* **Task brief**:
Data follows below. Repeat exactly the lines between the line holding "Earlier in the" and the line holding "(Photo: A screenshot", inclusive, and nothing more; drop pictures.

[Stored data entries]
------------

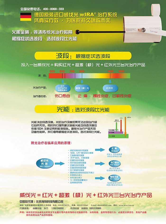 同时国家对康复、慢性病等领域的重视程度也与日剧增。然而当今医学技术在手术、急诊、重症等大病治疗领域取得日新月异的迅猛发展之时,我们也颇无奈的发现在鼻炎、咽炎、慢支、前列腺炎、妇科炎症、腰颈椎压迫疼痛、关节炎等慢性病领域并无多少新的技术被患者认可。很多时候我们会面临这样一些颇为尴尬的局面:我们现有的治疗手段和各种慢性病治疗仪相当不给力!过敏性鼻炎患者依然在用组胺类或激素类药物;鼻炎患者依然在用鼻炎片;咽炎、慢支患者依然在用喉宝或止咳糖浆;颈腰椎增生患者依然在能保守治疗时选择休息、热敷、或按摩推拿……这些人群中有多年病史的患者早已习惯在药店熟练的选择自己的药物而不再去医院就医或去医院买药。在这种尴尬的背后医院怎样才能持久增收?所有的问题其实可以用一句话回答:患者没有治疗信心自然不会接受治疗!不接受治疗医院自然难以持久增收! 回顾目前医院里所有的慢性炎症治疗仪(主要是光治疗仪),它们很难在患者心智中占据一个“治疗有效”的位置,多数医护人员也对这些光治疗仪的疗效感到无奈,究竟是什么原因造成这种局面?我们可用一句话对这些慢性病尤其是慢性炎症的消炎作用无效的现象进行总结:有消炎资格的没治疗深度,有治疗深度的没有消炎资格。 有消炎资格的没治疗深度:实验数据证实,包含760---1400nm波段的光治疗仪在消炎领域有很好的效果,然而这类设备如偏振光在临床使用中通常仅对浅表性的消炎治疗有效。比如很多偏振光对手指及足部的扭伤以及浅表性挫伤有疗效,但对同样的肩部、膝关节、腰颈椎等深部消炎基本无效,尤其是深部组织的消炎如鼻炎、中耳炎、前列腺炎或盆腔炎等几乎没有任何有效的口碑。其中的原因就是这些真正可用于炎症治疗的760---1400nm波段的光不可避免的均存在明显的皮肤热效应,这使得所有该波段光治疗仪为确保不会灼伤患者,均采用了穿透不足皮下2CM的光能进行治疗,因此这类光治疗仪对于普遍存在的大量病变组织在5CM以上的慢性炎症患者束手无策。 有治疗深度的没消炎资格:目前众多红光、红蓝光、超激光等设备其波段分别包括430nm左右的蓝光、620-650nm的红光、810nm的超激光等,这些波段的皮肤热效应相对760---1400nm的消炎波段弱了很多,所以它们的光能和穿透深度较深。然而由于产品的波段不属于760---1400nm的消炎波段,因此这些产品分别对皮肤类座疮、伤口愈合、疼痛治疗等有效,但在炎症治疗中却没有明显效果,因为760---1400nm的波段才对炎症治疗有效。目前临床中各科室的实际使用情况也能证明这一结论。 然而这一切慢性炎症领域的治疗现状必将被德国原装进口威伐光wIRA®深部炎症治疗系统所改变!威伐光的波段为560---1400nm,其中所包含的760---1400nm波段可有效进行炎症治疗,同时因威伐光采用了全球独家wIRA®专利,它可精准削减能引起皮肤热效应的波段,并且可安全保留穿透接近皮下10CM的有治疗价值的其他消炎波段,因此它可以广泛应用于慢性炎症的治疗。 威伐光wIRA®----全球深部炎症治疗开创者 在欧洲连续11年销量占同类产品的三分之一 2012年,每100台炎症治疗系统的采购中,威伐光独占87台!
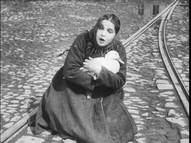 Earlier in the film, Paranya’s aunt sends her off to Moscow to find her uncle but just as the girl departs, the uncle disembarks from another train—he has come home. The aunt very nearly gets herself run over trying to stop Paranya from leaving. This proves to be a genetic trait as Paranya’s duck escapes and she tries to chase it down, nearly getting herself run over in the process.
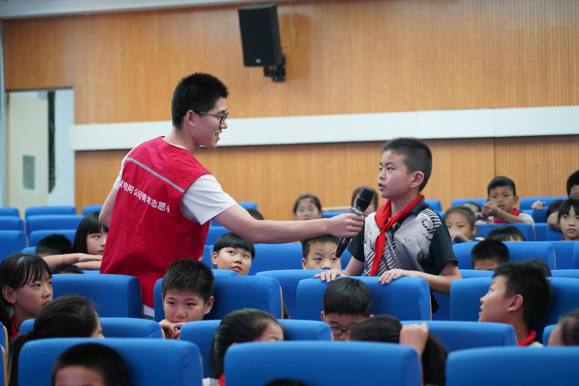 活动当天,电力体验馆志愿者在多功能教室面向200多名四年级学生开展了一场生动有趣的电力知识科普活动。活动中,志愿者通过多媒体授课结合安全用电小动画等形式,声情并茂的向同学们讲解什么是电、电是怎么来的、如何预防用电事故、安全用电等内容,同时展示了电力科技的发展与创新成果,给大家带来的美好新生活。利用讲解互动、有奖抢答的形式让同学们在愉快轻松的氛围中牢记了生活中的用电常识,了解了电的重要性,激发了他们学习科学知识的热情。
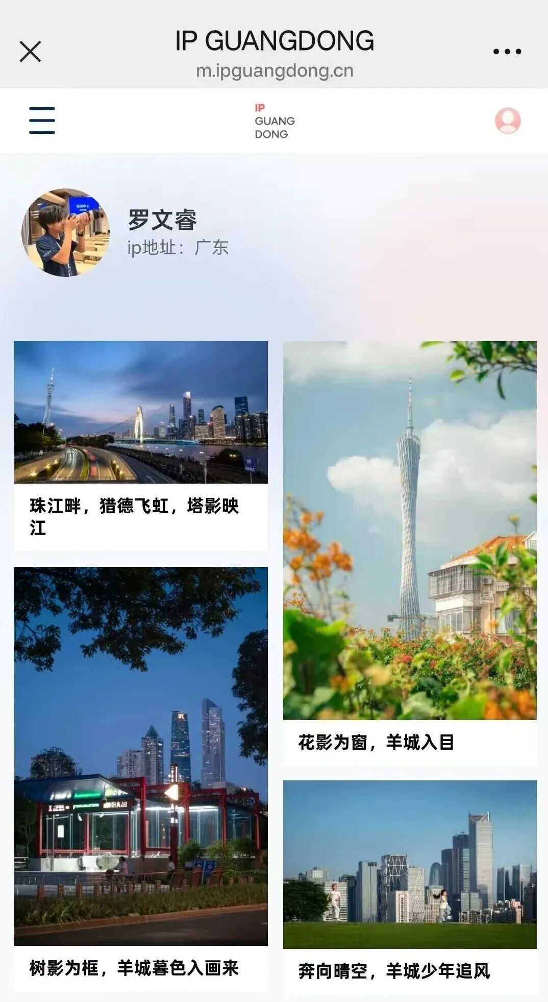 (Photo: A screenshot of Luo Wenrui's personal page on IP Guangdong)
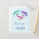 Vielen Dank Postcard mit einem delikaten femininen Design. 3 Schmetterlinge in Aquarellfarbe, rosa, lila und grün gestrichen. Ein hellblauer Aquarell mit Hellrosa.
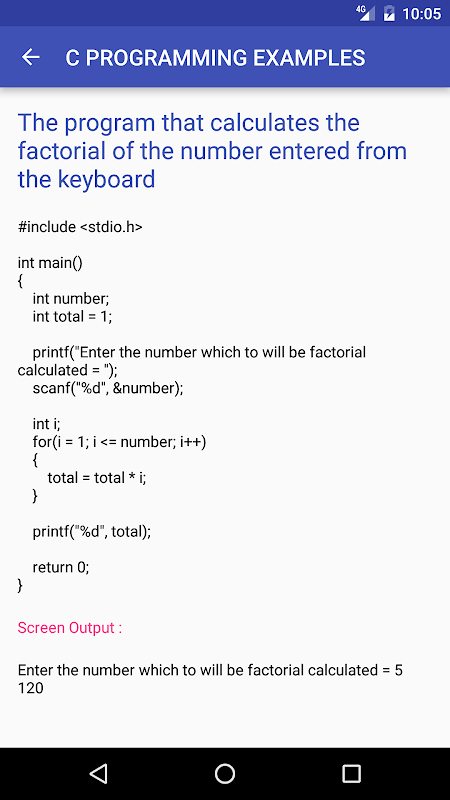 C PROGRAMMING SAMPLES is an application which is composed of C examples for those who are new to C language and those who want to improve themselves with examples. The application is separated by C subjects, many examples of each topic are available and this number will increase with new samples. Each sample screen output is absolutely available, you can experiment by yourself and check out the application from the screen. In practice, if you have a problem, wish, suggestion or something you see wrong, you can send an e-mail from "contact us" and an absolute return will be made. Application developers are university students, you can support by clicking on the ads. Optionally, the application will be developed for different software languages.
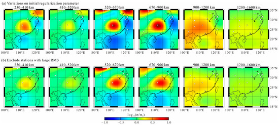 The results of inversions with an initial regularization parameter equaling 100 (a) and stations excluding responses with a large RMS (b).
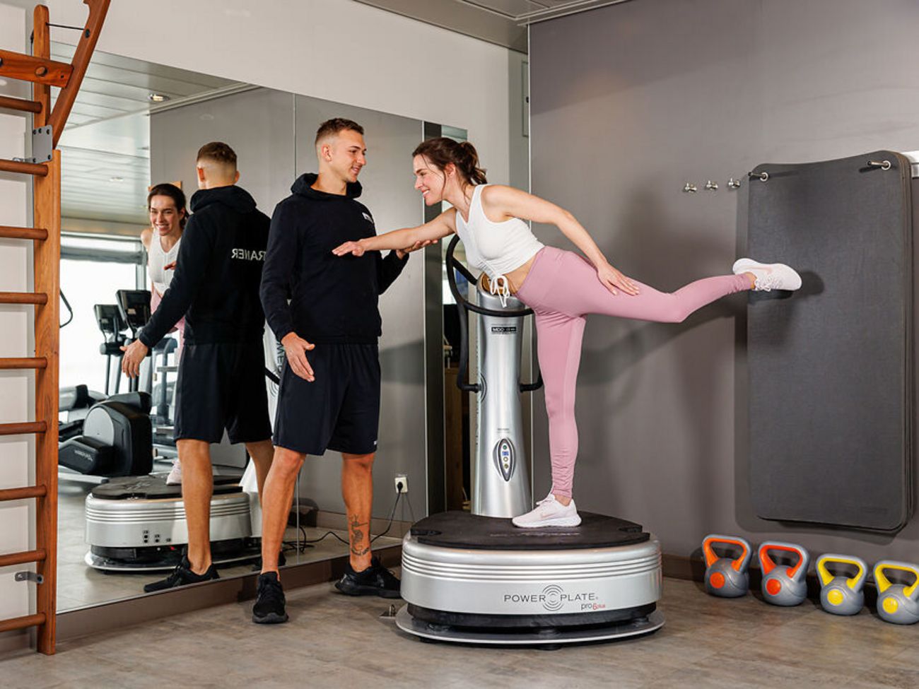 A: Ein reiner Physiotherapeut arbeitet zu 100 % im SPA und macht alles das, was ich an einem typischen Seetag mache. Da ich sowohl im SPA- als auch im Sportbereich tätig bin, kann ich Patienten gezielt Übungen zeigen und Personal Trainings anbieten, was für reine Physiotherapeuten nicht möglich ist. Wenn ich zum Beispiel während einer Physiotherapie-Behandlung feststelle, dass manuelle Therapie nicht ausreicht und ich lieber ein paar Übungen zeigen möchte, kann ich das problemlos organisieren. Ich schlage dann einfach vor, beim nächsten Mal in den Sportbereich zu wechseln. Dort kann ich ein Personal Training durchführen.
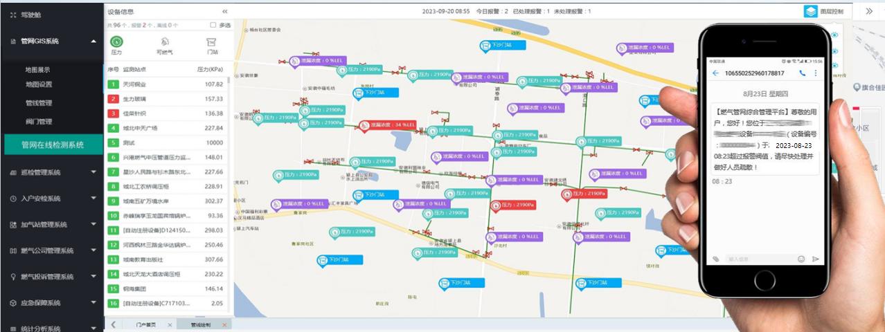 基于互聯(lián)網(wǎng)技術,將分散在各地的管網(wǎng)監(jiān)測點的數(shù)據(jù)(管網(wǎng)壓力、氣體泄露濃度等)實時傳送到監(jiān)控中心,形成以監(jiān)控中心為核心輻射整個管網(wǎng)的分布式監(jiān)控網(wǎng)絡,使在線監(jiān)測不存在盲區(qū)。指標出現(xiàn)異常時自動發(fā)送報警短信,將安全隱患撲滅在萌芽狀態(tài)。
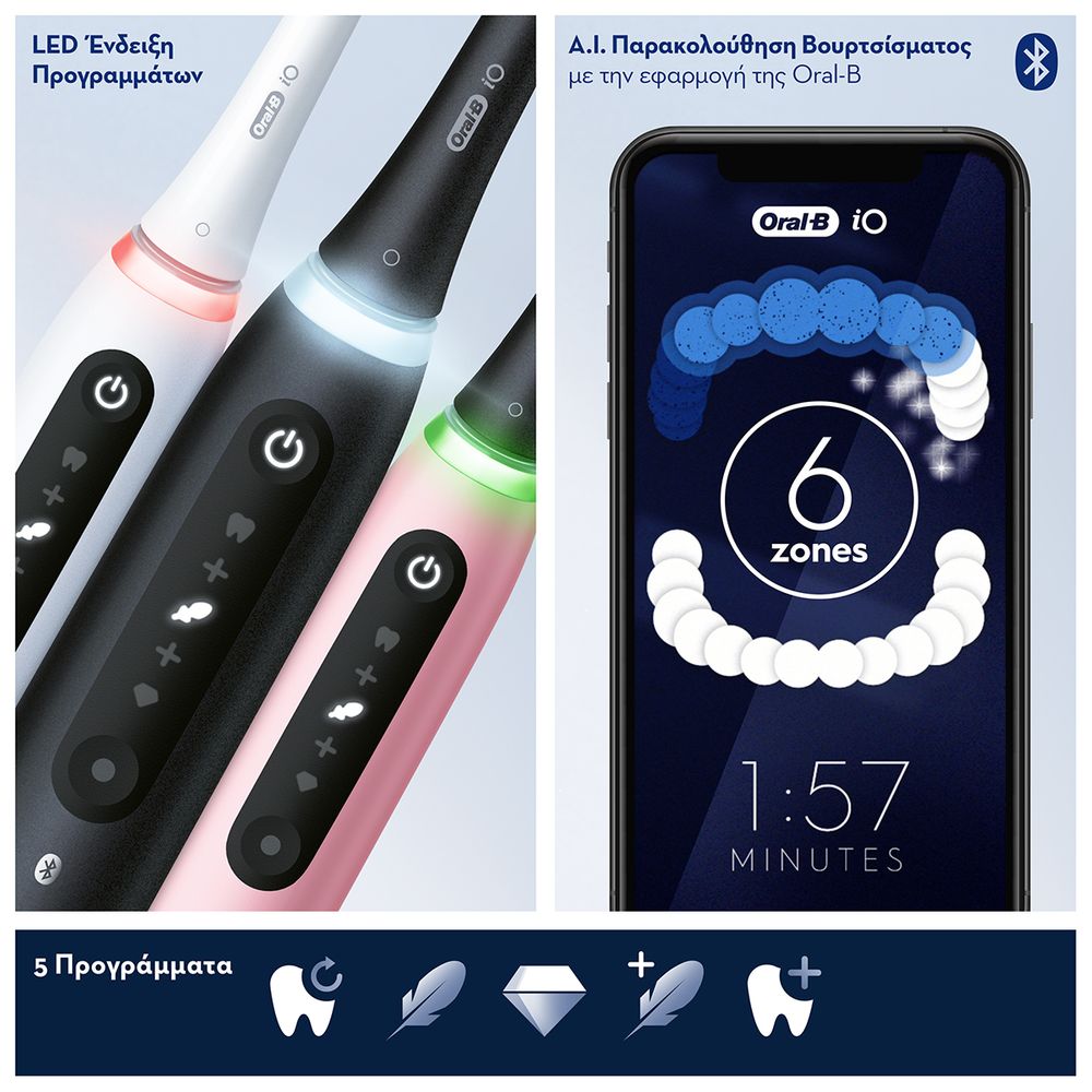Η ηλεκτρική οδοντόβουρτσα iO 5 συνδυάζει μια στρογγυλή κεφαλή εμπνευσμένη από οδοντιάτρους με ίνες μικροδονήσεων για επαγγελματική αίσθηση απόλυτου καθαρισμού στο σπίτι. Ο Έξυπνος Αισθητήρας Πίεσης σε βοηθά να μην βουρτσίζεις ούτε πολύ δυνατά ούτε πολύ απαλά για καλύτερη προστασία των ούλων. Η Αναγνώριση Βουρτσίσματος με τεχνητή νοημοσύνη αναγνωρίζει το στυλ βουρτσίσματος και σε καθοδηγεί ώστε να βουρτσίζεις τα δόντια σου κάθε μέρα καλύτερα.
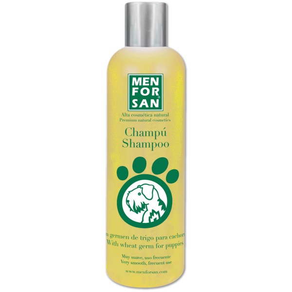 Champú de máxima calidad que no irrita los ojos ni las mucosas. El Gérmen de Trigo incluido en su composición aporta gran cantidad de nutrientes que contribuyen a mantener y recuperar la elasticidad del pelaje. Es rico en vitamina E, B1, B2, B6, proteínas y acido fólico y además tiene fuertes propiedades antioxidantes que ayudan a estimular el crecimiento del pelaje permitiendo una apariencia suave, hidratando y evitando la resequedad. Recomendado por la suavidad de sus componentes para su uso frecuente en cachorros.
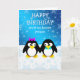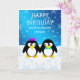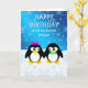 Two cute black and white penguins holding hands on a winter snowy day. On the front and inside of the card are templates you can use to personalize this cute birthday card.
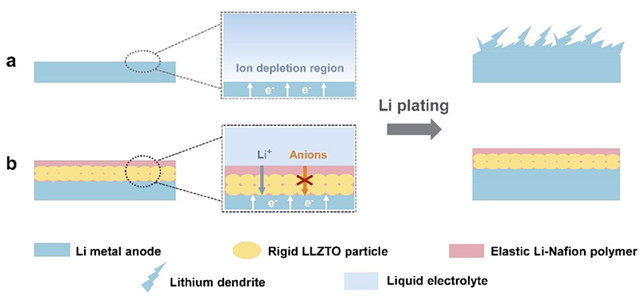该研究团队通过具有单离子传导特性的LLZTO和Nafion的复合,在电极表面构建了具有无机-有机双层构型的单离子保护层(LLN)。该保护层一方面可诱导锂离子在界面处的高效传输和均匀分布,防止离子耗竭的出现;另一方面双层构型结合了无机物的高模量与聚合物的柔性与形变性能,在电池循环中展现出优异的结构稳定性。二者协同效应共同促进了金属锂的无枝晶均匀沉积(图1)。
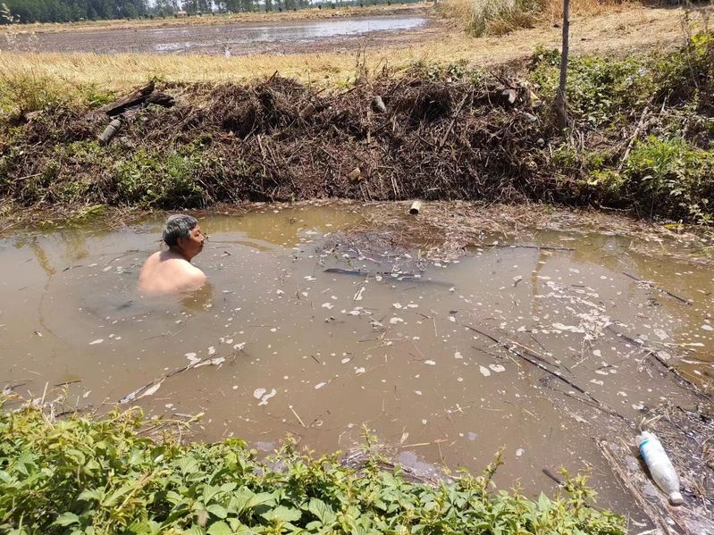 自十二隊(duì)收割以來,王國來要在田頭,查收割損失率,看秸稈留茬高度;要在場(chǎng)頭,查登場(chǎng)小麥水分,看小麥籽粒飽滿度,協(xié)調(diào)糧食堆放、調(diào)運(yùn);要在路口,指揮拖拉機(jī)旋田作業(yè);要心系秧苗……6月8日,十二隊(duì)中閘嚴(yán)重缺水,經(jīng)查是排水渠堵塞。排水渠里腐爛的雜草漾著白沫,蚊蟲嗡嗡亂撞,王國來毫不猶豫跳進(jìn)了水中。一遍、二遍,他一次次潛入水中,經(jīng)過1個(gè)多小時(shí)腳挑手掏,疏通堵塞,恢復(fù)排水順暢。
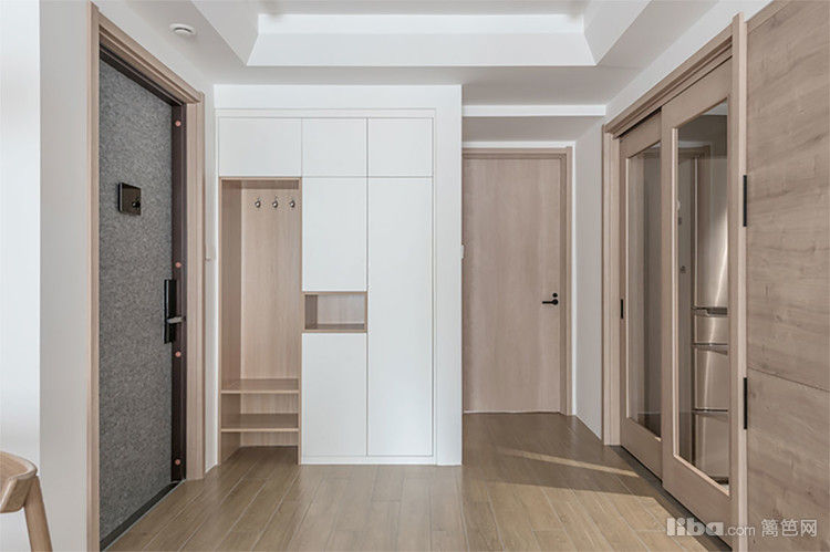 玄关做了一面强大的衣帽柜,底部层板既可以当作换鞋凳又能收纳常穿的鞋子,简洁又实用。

------------

* **Solution**:
 Earlier in the film, Paranya’s aunt sends her off to Moscow to find her uncle but just as the girl departs, the uncle disembarks from another train—he has come home. The aunt very nearly gets herself run over trying to stop Paranya from leaving. This proves to be a genetic trait as Paranya’s duck escapes and she tries to chase it down, nearly getting herself run over in the process.
 活动当天,电力体验馆志愿者在多功能教室面向200多名四年级学生开展了一场生动有趣的电力知识科普活动。活动中,志愿者通过多媒体授课结合安全用电小动画等形式,声情并茂的向同学们讲解什么是电、电是怎么来的、如何预防用电事故、安全用电等内容,同时展示了电力科技的发展与创新成果,给大家带来的美好新生活。利用讲解互动、有奖抢答的形式让同学们在愉快轻松的氛围中牢记了生活中的用电常识,了解了电的重要性,激发了他们学习科学知识的热情。
 (Photo: A screenshot of Luo Wenrui's personal page on IP Guangdong)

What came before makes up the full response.